▶ **Work request**
Output exactly the lines from the line that has "Search for Virtual" through the last line of the data below, with no pictures.
══ Data to process ══
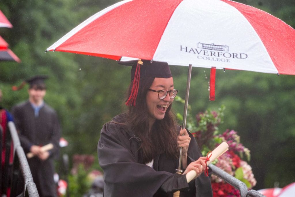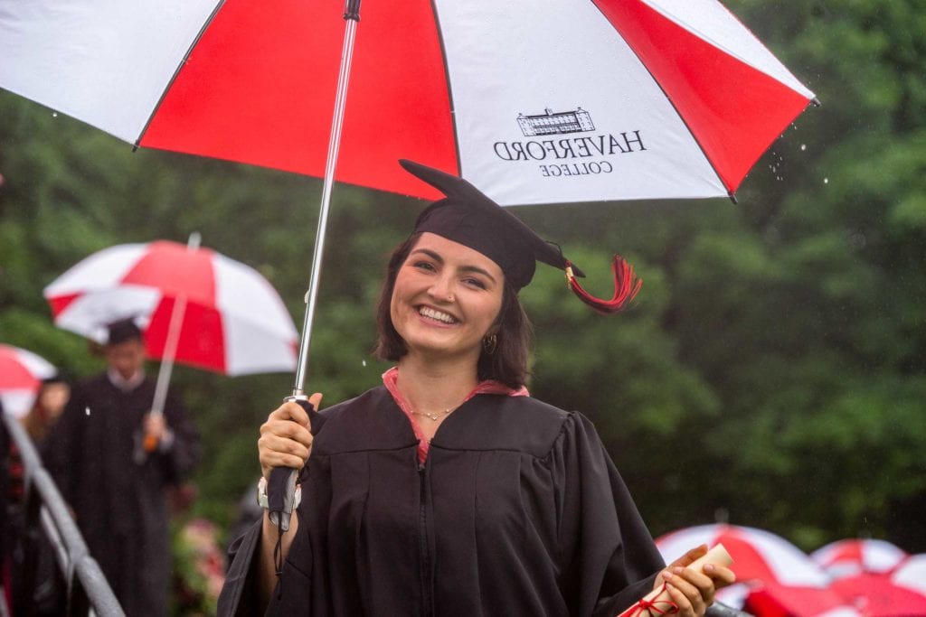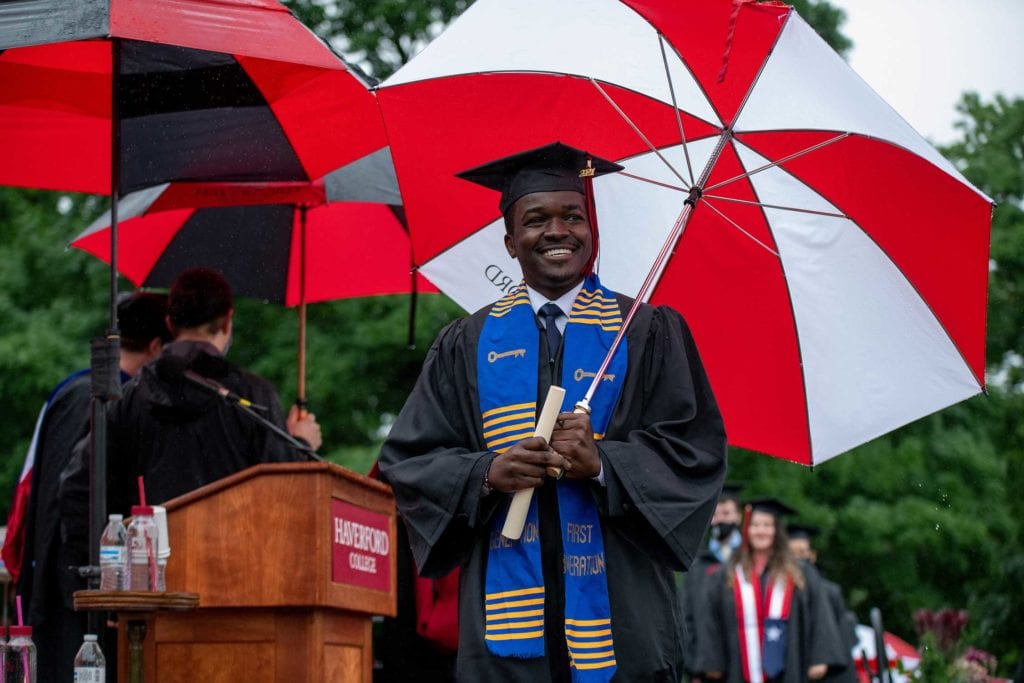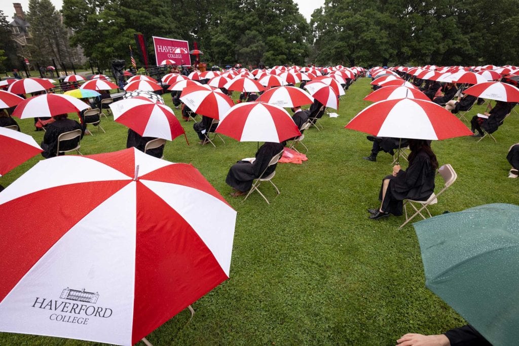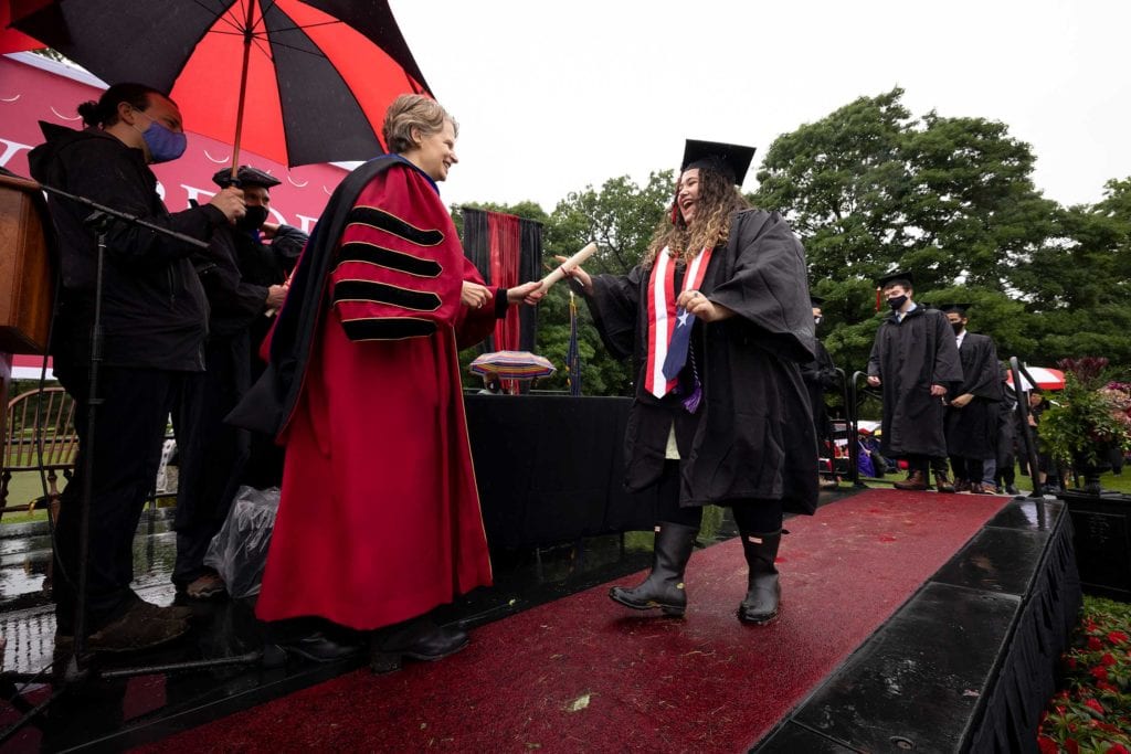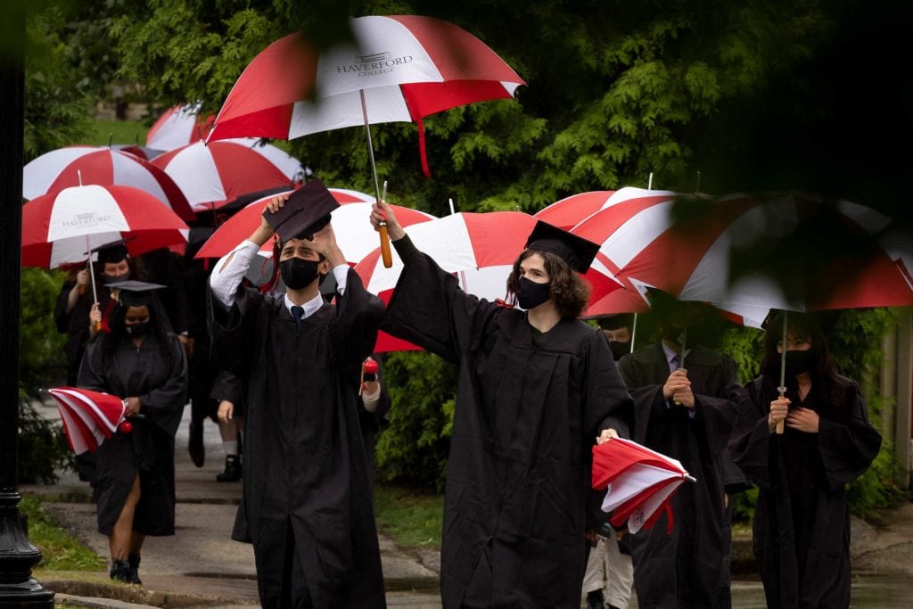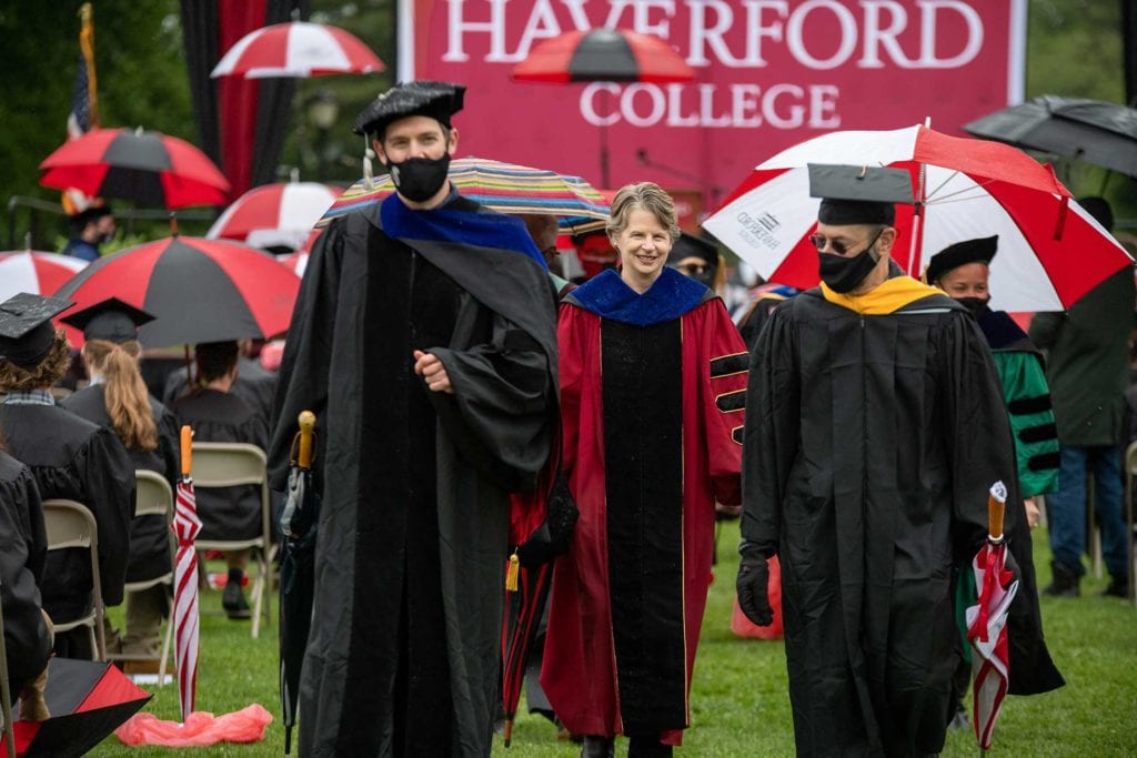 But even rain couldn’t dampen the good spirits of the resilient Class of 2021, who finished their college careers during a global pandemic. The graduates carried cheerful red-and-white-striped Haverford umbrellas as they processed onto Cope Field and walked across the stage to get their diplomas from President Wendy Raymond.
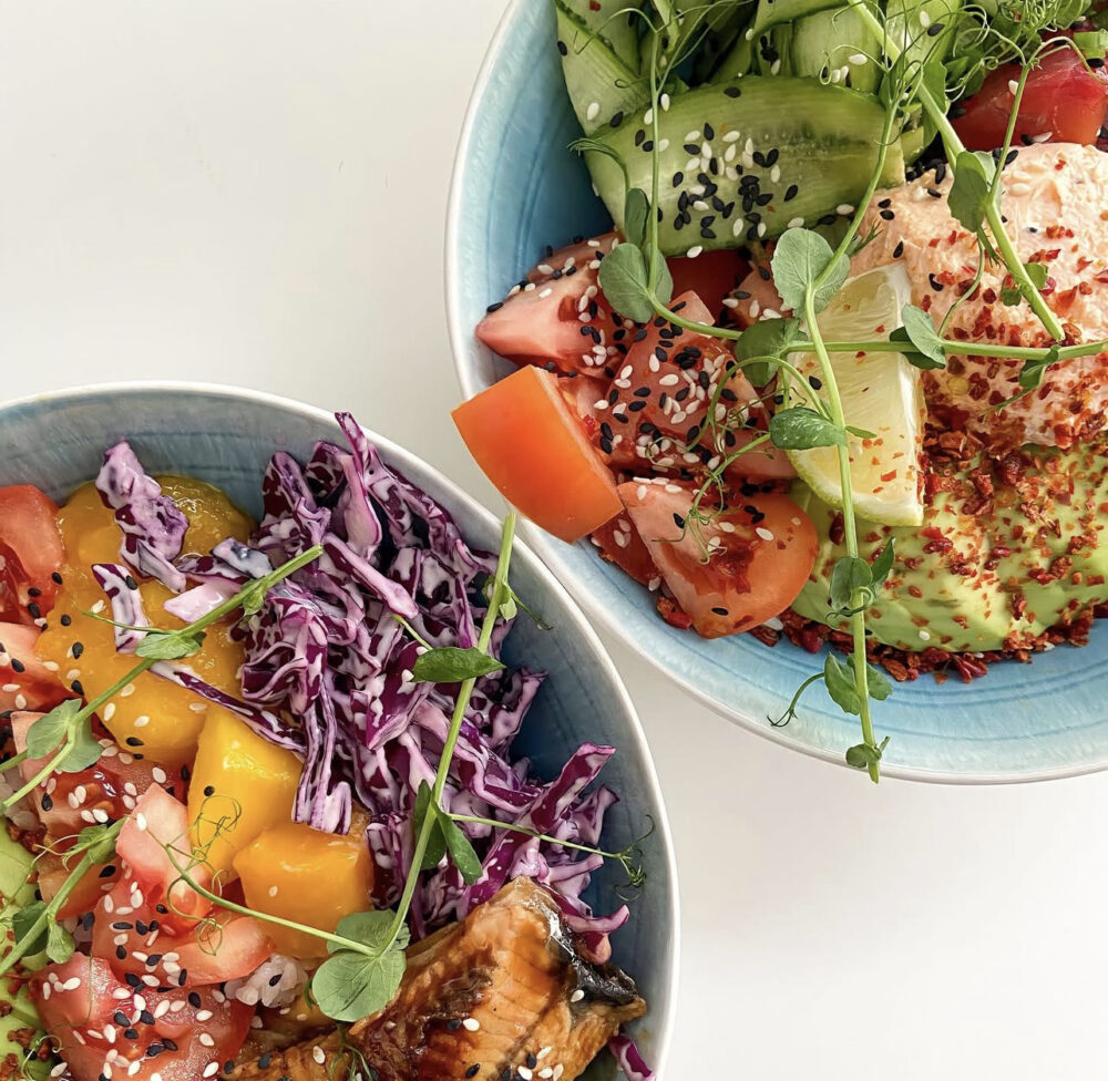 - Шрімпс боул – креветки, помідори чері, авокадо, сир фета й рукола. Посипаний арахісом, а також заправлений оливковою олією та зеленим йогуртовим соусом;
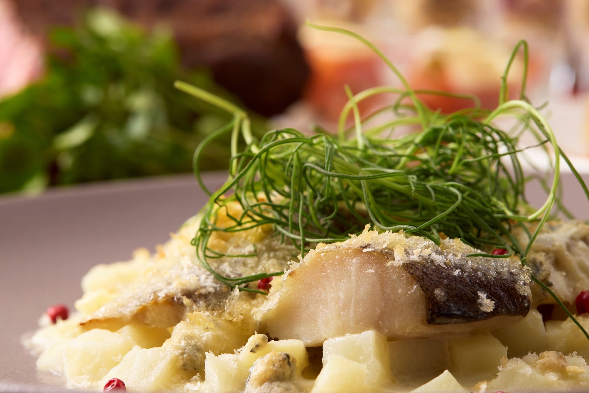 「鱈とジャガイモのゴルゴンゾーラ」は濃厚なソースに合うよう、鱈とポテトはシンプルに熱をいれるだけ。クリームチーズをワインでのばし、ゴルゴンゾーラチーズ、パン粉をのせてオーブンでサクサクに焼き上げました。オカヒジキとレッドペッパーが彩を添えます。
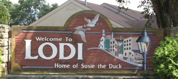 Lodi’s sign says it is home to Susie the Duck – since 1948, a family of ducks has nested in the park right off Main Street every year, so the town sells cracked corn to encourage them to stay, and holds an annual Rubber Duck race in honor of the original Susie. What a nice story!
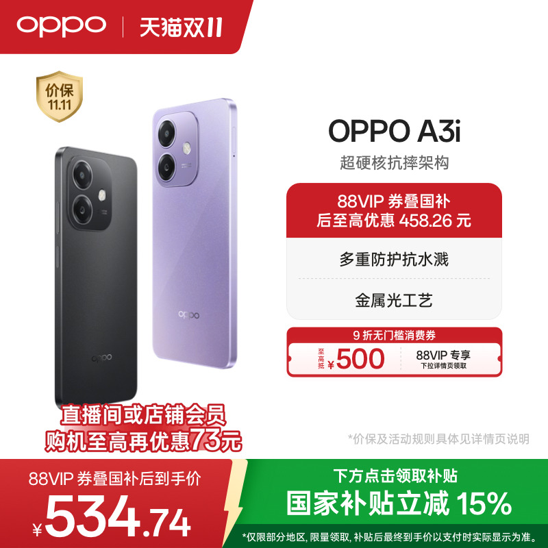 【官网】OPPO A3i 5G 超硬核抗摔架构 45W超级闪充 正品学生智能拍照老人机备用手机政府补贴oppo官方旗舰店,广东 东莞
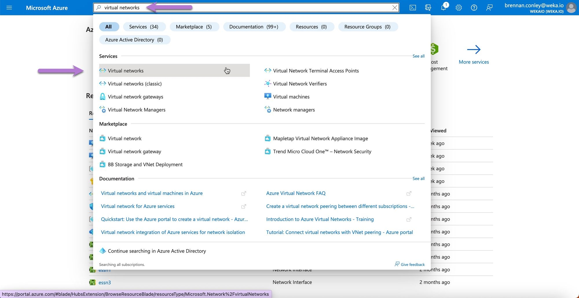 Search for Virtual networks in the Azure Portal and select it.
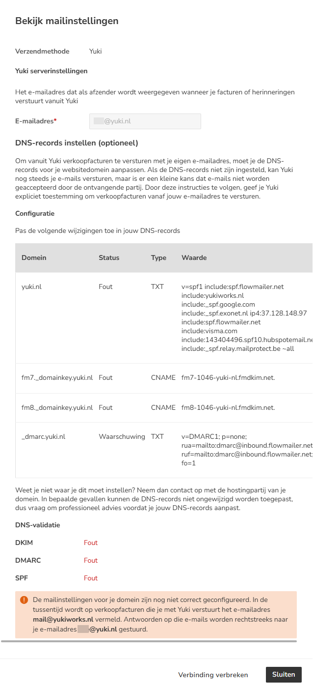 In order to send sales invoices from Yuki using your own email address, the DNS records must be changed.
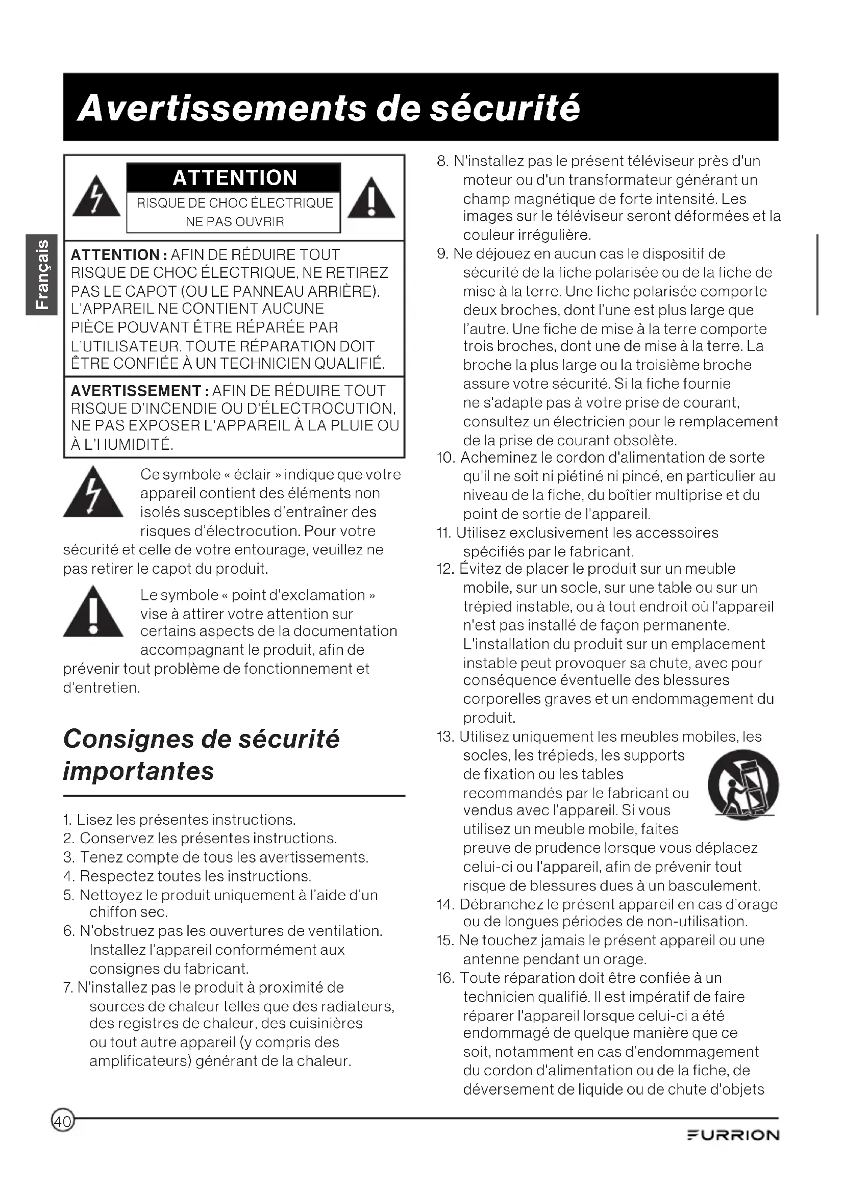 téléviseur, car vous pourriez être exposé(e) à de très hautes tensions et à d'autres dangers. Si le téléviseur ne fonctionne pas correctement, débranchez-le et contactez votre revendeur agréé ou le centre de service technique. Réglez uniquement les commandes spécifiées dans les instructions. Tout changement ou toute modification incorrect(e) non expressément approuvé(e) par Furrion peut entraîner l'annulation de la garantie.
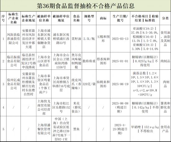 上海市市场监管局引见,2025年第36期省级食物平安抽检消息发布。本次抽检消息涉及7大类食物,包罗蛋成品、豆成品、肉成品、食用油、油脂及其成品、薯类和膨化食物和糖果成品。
═══
▶ **Exercise result**
 Search for Virtual networks in the Azure Portal and select it.
 In order to send sales invoices from Yuki using your own email address, the DNS records must be changed.
 téléviseur, car vous pourriez être exposé(e) à de très hautes tensions et à d'autres dangers. Si le téléviseur ne fonctionne pas correctement, débranchez-le et contactez votre revendeur agréé ou le centre de service technique. Réglez uniquement les commandes spécifiées dans les instructions. Tout changement ou toute modification incorrect(e) non expressément approuvé(e) par Furrion peut entraîner l'annulation de la garantie.
 上海市市场监管局引见,2025年第36期省级食物平安抽检消息发布。本次抽检消息涉及7大类食物,包罗蛋成品、豆成品、肉成品、食用油、油脂及其成品、薯类和膨化食物和糖果成品。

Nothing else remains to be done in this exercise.